> _Exercise goal_: The data below should be restated word for word, with every picture omitted.

> _The data_:
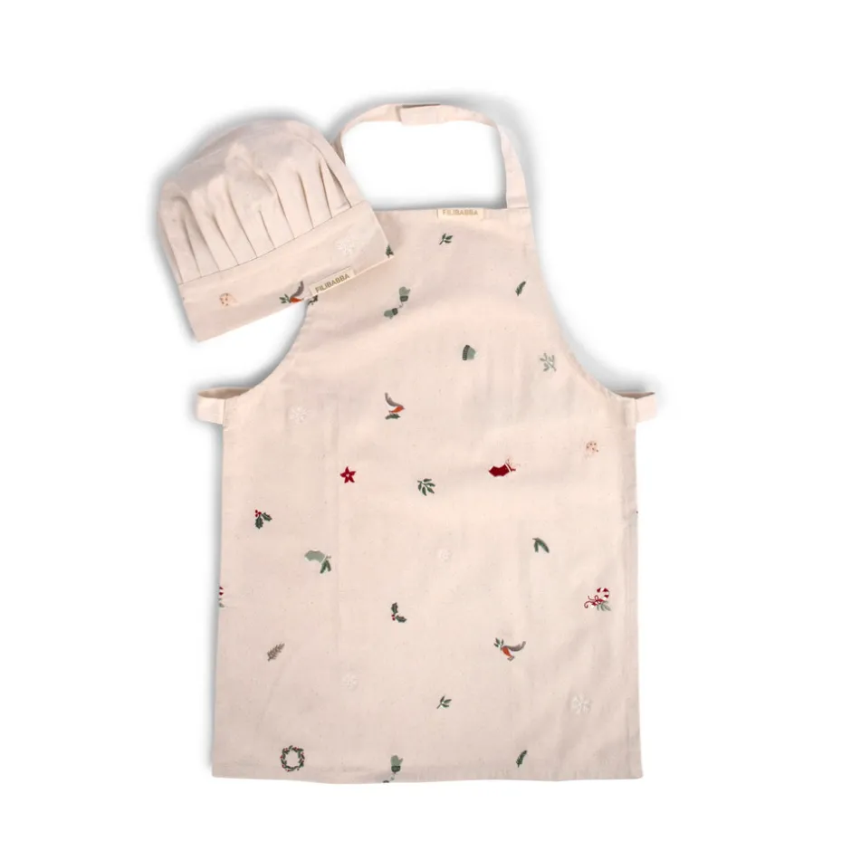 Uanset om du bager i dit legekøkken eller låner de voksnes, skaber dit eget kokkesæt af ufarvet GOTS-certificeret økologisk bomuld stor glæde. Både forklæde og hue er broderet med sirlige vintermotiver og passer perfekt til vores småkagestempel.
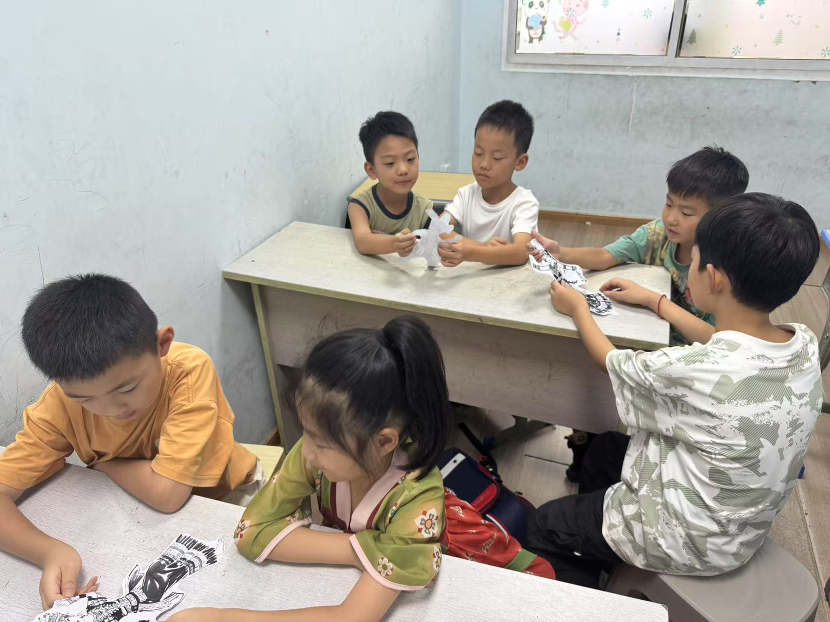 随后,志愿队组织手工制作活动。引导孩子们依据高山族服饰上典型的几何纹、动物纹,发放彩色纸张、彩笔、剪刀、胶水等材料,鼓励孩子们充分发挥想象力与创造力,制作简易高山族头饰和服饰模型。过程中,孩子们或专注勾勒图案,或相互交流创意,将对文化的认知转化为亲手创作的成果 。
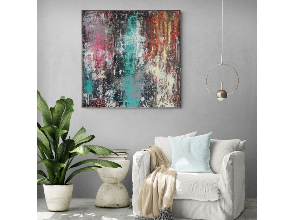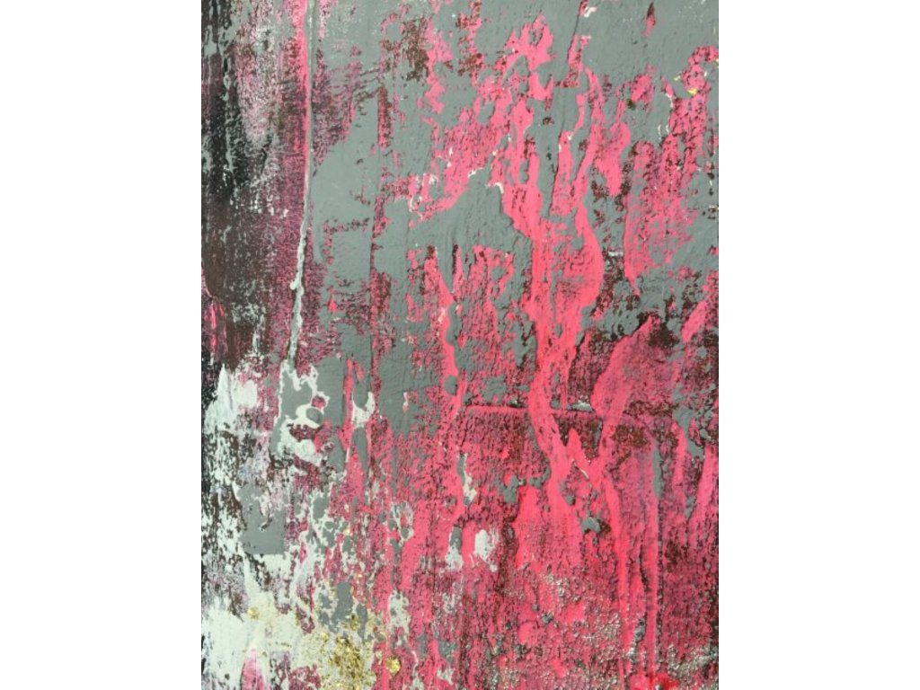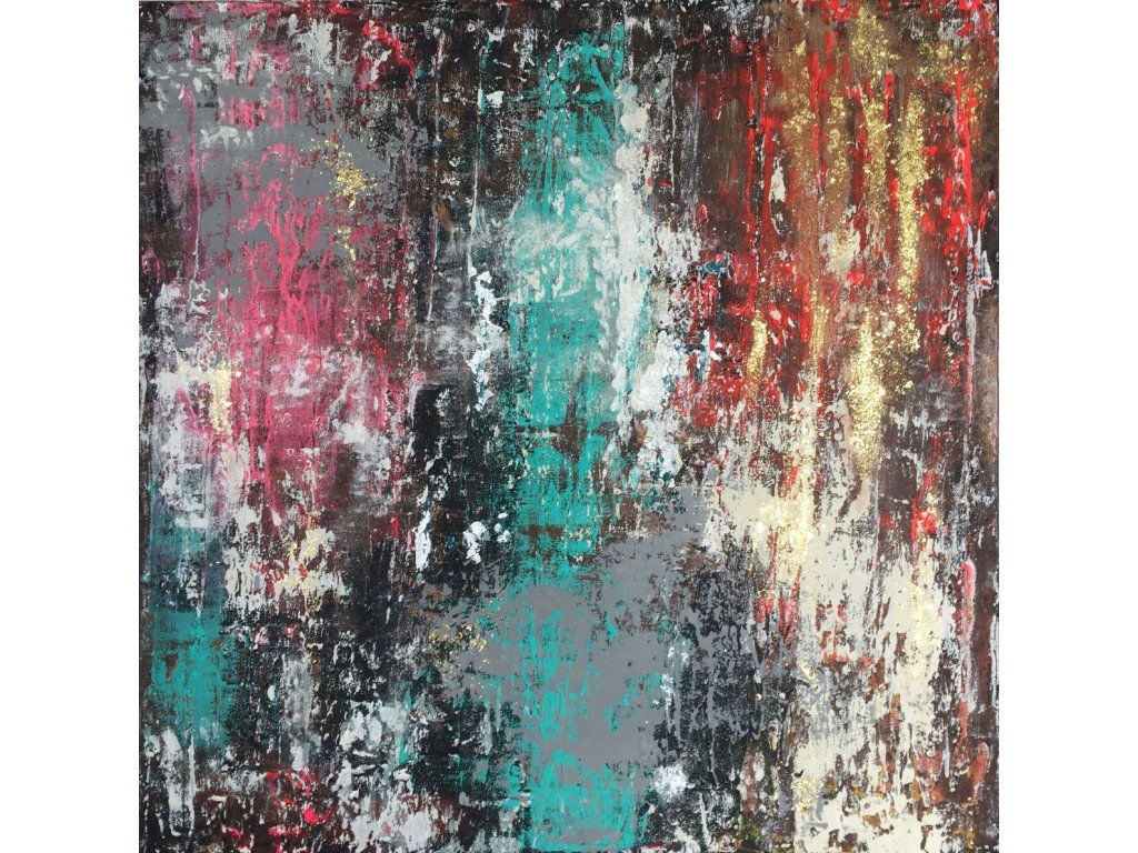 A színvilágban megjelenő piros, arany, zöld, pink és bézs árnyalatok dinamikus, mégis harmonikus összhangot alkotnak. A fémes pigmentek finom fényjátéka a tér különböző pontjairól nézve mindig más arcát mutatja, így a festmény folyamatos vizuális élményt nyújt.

> _Exercise result_:
 Uanset om du bager i dit legekøkken eller låner de voksnes, skaber dit eget kokkesæt af ufarvet GOTS-certificeret økologisk bomuld stor glæde. Både forklæde og hue er broderet med sirlige vintermotiver og passer perfekt til vores småkagestempel.
 随后,志愿队组织手工制作活动。引导孩子们依据高山族服饰上典型的几何纹、动物纹,发放彩色纸张、彩笔、剪刀、胶水等材料,鼓励孩子们充分发挥想象力与创造力,制作简易高山族头饰和服饰模型。过程中,孩子们或专注勾勒图案,或相互交流创意,将对文化的认知转化为亲手创作的成果 。
 A színvilágban megjelenő piros, arany, zöld, pink és bézs árnyalatok dinamikus, mégis harmonikus összhangot alkotnak. A fémes pigmentek finom fényjátéka a tér különböző pontjairól nézve mindig más arcát mutatja, így a festmény folyamatos vizuális élményt nyújt.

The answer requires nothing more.